Inherits From: Layer, Module
tf.keras.layers.experimental.preprocessing.PreprocessingLayer(
**kwargs
)
Don't use this class directly: it's an abstract base class! You may
be looking for one of the many built-in
preprocessing layers
instead.
Preprocessing layers are layers whose state gets computed before model
training starts. They do not get updated during training. Most
preprocessing layers implement an adapt() method for state computation.

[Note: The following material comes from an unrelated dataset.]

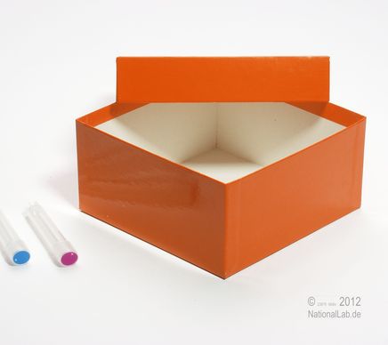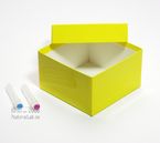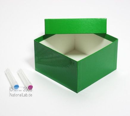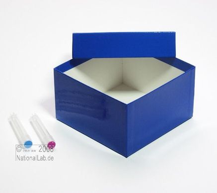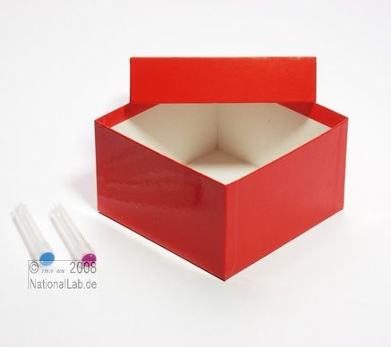 Einfrier- und Lagerboxen. Standardausführung aus tiefkältebeständigem, wasserfest bezogenem Kartonmaterial. Ausführung >spezial< mit wasserdichter Kunststoffbeschichtung. Mit Deckel. Außenmaße 133 x 133 mm. Höhe = Innenhöhe.

The PreprocessingLayer class is the base class you would subclass to
implement your own preprocessing layers.
Attributes |
|---|
is_adapted
|
Whether the layer has been fit to data already.
|
Methods
adapt
View source
adapt(
data, batch_size=None, steps=None
)
Fits the state of the preprocessing layer to the data being passed.
After calling adapt on a layer, a preprocessing layer's state will not
update during training. In order to make preprocessing layers efficient
in any distribution context, they are kept constant with respect to any
compiled tf.Graphs that call the layer. This does not affect the layer
use when adapting each layer only once, but if you adapt a layer
multiple times you will need to take care to re-compile any compiled
functions as follows:
- If you are adding a preprocessing layer to a
keras.Model, you need
to call model.compile after each subsequent call to adapt.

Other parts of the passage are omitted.